**Work to be completed:**
Would you please transcribe, exactly as written, the lines of the entries below starting at the one that holds "Paper quilling art" and ending at the one that holds "Welcome to your", both included?

[Records from a data source]
::::

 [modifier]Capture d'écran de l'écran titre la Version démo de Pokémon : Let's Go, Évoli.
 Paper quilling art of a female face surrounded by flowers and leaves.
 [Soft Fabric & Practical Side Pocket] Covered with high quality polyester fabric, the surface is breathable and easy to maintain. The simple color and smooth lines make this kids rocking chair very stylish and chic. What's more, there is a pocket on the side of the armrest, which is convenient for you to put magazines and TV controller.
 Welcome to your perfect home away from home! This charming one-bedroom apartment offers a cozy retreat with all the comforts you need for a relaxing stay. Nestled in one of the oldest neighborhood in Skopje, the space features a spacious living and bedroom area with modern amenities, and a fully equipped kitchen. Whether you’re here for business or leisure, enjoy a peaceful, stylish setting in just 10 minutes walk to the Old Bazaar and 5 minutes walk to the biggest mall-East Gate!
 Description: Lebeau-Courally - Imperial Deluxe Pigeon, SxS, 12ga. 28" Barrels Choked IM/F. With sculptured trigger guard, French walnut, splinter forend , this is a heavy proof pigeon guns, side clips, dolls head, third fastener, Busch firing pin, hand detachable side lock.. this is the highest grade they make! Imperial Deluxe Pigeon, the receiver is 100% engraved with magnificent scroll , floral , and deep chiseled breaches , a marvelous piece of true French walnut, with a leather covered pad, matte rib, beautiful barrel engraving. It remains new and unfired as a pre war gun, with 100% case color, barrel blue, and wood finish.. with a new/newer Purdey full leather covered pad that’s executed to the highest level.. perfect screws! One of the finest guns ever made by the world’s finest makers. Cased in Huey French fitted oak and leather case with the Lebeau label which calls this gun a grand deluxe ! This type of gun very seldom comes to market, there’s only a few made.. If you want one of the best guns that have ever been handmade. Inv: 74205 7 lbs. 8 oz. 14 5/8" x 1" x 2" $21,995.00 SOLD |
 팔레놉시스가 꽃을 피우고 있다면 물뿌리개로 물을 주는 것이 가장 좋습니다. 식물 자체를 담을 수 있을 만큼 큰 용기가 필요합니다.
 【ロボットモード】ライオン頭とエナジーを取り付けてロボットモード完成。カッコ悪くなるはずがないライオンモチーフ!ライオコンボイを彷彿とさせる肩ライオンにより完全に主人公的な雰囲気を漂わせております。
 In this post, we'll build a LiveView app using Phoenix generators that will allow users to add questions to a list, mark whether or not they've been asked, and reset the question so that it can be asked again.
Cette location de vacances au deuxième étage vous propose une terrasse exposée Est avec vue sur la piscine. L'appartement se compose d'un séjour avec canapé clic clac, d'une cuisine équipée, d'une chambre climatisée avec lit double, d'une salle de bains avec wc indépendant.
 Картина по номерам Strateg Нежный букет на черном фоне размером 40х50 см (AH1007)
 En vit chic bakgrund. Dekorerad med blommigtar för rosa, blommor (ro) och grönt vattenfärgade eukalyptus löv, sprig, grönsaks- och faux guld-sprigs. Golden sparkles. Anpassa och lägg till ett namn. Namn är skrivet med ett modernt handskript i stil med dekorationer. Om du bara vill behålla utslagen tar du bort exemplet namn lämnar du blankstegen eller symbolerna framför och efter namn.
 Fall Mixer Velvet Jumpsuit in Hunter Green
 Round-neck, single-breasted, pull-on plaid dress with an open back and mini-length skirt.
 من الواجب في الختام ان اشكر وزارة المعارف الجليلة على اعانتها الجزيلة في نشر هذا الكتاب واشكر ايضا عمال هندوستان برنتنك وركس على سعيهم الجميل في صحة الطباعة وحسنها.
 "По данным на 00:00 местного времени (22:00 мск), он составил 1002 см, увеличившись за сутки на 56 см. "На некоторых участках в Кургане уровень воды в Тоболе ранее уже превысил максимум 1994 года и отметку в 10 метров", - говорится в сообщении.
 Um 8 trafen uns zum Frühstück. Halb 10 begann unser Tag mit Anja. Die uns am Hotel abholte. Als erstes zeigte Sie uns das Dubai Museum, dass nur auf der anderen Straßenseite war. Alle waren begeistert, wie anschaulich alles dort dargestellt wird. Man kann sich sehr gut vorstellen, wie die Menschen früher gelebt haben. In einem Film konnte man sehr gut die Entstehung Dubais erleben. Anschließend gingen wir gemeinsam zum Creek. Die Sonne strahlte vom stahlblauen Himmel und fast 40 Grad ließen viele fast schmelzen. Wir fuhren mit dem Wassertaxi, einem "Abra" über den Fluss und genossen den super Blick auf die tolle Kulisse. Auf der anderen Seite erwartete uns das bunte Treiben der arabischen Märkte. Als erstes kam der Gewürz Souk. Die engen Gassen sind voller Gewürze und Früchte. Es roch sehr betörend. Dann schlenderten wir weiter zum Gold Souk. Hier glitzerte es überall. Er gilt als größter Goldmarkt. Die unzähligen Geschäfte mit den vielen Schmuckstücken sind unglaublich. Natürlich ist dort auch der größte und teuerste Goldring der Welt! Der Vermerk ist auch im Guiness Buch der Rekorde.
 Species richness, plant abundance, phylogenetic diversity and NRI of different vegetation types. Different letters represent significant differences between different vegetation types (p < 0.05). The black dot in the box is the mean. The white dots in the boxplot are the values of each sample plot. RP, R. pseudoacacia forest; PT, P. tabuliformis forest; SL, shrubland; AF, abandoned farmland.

::::

**Solution for this exercise:**
 Paper quilling art of a female face surrounded by flowers and leaves.
 [Soft Fabric & Practical Side Pocket] Covered with high quality polyester fabric, the surface is breathable and easy to maintain. The simple color and smooth lines make this kids rocking chair very stylish and chic. What's more, there is a pocket on the side of the armrest, which is convenient for you to put magazines and TV controller.
 Welcome to your perfect home away from home! This charming one-bedroom apartment offers a cozy retreat with all the comforts you need for a relaxing stay. Nestled in one of the oldest neighborhood in Skopje, the space features a spacious living and bedroom area with modern amenities, and a fully equipped kitchen. Whether you’re here for business or leisure, enjoy a peaceful, stylish setting in just 10 minutes walk to the Old Bazaar and 5 minutes walk to the biggest mall-East Gate!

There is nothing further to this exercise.